In the listing below, find the line with "FRANCE 1960 0.08Fr" and copy every line from there up to and including the line with "(рис. 11.3, а).", exactly and without pictures.

[[ Provided material open ]]

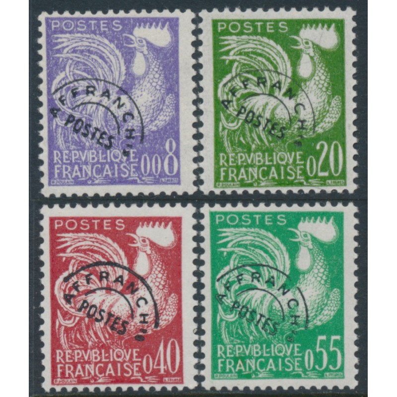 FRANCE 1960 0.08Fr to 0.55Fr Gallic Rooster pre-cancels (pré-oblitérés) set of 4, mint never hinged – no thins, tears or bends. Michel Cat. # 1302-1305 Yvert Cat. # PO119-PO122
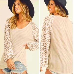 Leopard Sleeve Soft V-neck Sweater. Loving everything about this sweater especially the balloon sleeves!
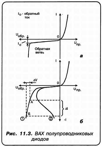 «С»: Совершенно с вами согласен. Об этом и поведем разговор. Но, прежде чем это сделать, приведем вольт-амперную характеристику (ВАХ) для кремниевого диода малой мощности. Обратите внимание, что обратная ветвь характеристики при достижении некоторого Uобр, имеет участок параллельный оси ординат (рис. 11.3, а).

[[ Provided material closed ]]
[[ Provided material open ]]

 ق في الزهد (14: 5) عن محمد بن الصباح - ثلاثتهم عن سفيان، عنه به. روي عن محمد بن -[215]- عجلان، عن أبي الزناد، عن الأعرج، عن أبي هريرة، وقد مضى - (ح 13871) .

[[ Provided material closed ]]
[[ Provided material open ]]

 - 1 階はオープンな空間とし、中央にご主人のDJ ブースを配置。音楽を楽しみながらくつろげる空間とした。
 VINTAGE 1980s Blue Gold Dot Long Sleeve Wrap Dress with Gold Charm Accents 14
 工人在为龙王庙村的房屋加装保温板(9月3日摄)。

[[ Provided material closed ]]

**Answer space:**
 FRANCE 1960 0.08Fr to 0.55Fr Gallic Rooster pre-cancels (pré-oblitérés) set of 4, mint never hinged – no thins, tears or bends. Michel Cat. # 1302-1305 Yvert Cat. # PO119-PO122
 Leopard Sleeve Soft V-neck Sweater. Loving everything about this sweater especially the balloon sleeves!
 «С»: Совершенно с вами согласен. Об этом и поведем разговор. Но, прежде чем это сделать, приведем вольт-амперную характеристику (ВАХ) для кремниевого диода малой мощности. Обратите внимание, что обратная ветвь характеристики при достижении некоторого Uобр, имеет участок параллельный оси ординат (рис. 11.3, а).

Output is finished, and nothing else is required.